Bagaimana sampai Yusuf bisa terjebak dalam situasi yang malang ini? Dan, apa yang bisa kita pelajari dari iman seorang pemuda yang dijahati dan dibuang oleh keluarganya sendiri?
KELUARGA YANG PENUH GEJOLAK
Yusuf berasal dari keluarga besar, namun keluarganya tidak bahagia dan tidak rukun. Gambaran Alkitab tentang keluarga Yakub menjadi bukti nyata dari dampak buruk poligami. Kebiasaan berpoligami sudah berurat berakar dan dibiarkan Allah terjadi di antara umat-Nya sampai Putra-Nya memulihkan standar monogami seperti semula. (Matius 19:4-6) Yakub mempunyai paling tidak 14 anak dari empat wanita, yaitu dari dua istrinya, Lea dan Rakhel, dan dari hamba perempuan mereka, Zilpa dan Bilha. Sejak awal, Yakub jatuh cinta kepada Rakhel yang cantik. Dia tidak pernah merasakan hal yang sama terhadap Lea, kakak perempuan Rakhel yang dinikahinya karena ia tertipu. Persaingan yang sengit kerap terjadi di antara kedua wanita itu, dan perasaan iri pun menular di antara anak-anak dalam keluarga itu.—Kejadian 29:16-35; 30:1, 8, 19, 20; 37:35.

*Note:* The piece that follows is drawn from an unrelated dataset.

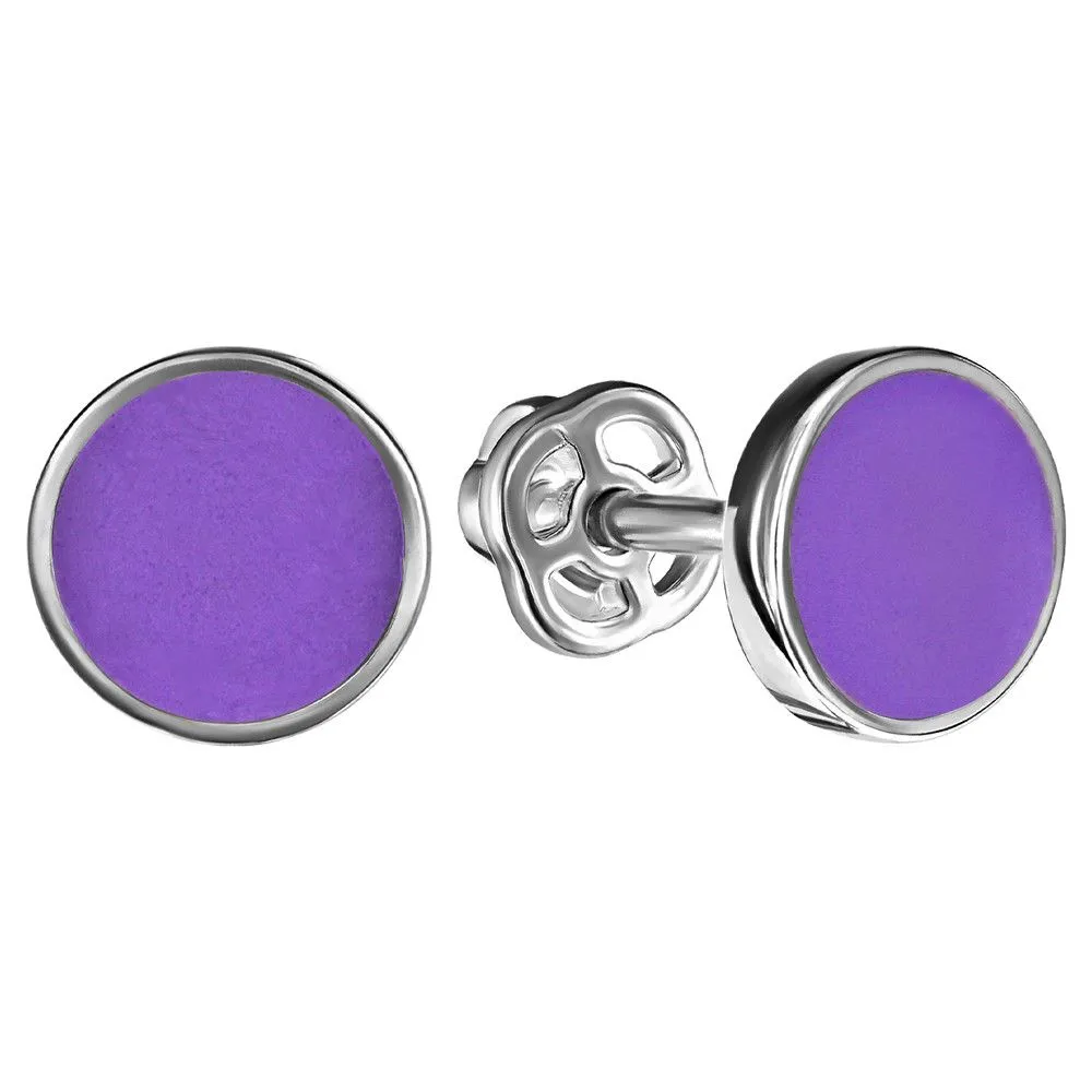 Серебряные серьги гвоздики (пусеты) с эмалью - цвет лавандовый / Палладий. Средний вес ювелирного украшения 1.27 гр. Эмаль – холодная двухкомпонентная итальянская эмаль высокого качества. Имеет высокую степень устойчивости к царапинам и солнечному свету, ударам и механическим повреждениям.< /p> Все изделия собственного производства и имеют гарантию 12 месяцев. Арт. 8595PD.

Rakhel mandul untuk waktu yang cukup lama, dan akhirnya ketika ia melahirkan Yusuf, Yakub memperlakukan putra masa tuanya ini dengan istimewa. Misalnya, suatu waktu keluarganya melakukan perjalanan untuk menemui Esau, saudara Yakub yang pernah ingin membunuhnya. Yakub memastikan agar Rakhel dan Yusuf kecil berada di posisi yang paling aman, yaitu paling belakang dalam rombongan rumah tangganya. Hari yang menegangkan itu pasti meninggalkan kesan yang kuat dalam diri Yusuf. Pagi itu, dia terheran-heran melihat bapaknya yang sudah tua namun masih kuat itu sekarang berjalan dengan terpincang-pincang. Bayangkan perasaannya saat itu. Dia pasti sangat kagum saat tahu alasannya: Kemarin malam, bapaknya bergulat dengan malaikat yang kuat! Untuk apa? Yakub ingin mendapat berkat dari Allah Yehuwa. Sebagai upah, namanya diganti menjadi Israel. Suatu bangsa akan menyandang namanya! (Kejadian 32:22-31) Belakangan, Yusuf tahu bahwa putra-putra Israel menjadi bapak dari tiap suku bangsa itu!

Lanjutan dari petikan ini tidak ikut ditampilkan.